Now I am wanting to honestly put forth some effort into my writing. I don't know if I can make a living from it. Likely not. But I feel that I am put that part of myself off for a long time, and that now it's time to give it a chance again. I can not deny that a part of me wonders if there is a way to write, well, without that room. I worry that I didn't get into a program because everything I did was half assed because I was always half distracted by the chaos of my life. I never wrote anything without some kind of noise, questions, minor explosions happening about me.

I worry about these things as I type, nursing Rowena, with the keyboard precariously balanced between a boppy pillow and my knees. It is not comfortable, and I have to stop every few second when the keyboard slides down or R kicks me in the neck. If that's not enough, there's always Piper with her five year old chatter begging me to do go to see the chickies.

As I began to envision our little house furnished, I fret about this room. And this in turn makes me ponder the possibility of being an artist and a mother. I feel that I being asked to choose just as I was asked to choose when I was an academic. Can I write and still home school four beasties? Do I just shelf the writing until they are older? Do I shelf the mothering so that I can write? Is it possible to write what is in my head with any kind of beauty when I am answering questions about poop?

And then I get angry because Woolf wrote from a position of privilege. Yes, I know she had many issues but you know what? She had money. She had the luxury that so many women at the time did not have. Money and space. What would happen if instead of challenging women's right to have a room of their own, we instead challenged the bourgeois assumptions about how and where art should be created? What if we asked ourselves what would art look like when a mother creates it in the midst of chaos? What if we really honored the idea that women could be mothers and artists? Mothers and workers?

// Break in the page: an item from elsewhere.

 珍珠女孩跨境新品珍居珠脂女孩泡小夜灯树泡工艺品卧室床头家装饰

Because the reality is that even now we are not supported in our multiple roles. We are allowed to be one thing at a time. We are not given the resources needed to be either thing very well. And when we try to create in the spaces of where we are, our work is dismissed as "mommy writing" or "crafts." The reality is that most women I know are too poor to afford spaces of their own to create in so we make do with what we have. Perhaps we need to continue the fight to haul art's ass out of the world of the rich and smack it down in the middle of life.

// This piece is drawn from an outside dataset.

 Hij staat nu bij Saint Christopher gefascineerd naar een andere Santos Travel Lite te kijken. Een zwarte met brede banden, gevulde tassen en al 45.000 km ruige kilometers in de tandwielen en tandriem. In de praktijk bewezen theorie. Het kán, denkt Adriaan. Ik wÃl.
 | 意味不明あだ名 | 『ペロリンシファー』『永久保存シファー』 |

My art is not always pretty. Often it is hasty, chaotic, filled with errors. But it is art that is created in the vital pulse of life. My writing is always done in the center of joy, love, frustration. It is made in the midst of bodily functions like shit and piss. Poetry is created in between loads of dirty diapers and tiny bright pink clothes. I develop characters while I scrub oatmeal from dishes. I type while I feed my baby from my own body. I bounce ideas off with my partner while we push girl beasties on swings or walk with them through lovely woods. My art is not solitary or privileged. It is art in the heat of living.